He weaves snippets of his personal path to science into the wider picture too, showing that science –the art and practice of discovery – is not performed by remote, anonymous white-coated men and women. It’s done by ordinary kids who grow up in ordinary homes in ordinary places like Oldham who become ordinary physics professors at ordinary Large Hadron Colliders.

Cox, famously, played keyboards for the band D:Ream in the 90’s before completing his PhD (a curious mirror-image career path to Queen’s Brian May) and it’s clear that art and science are, for him, complimentary rather than competing systems of experiencing the world. The pages here are peppered with relevant quotes. Not just from the expected science luminaries like Einstein and Hubble but Shakespeare, Milton, Lennon and Kipling too. There’s even some musicians – well, ‘Joy Division’ actually but I’ll let that one slide as a matter of personal taste.

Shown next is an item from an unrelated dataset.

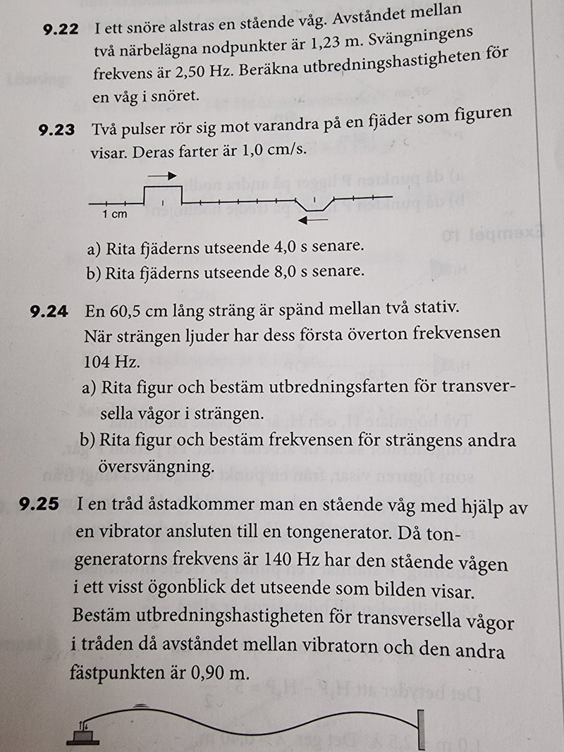 Det är uppgift 9.24 a jag behöver hjälp med. Jag får dubbelt så stor hastighet som svaret, men förstår inte vad för fel jag har gjort.

‘Human Universe’ isn’t on any school curriculum (or many parent’s shelves) but it should be. In a world that spends more on footballer’s salaries than research, the book’s clear ‘this is where we are’, ‘this is how we got here’, ‘this is where we need to go’ message is a much needed solid and optimistic grounding in the what, how and why of our species’ place in the universe. I don’t know if these are the answers you want but they are the answers we need.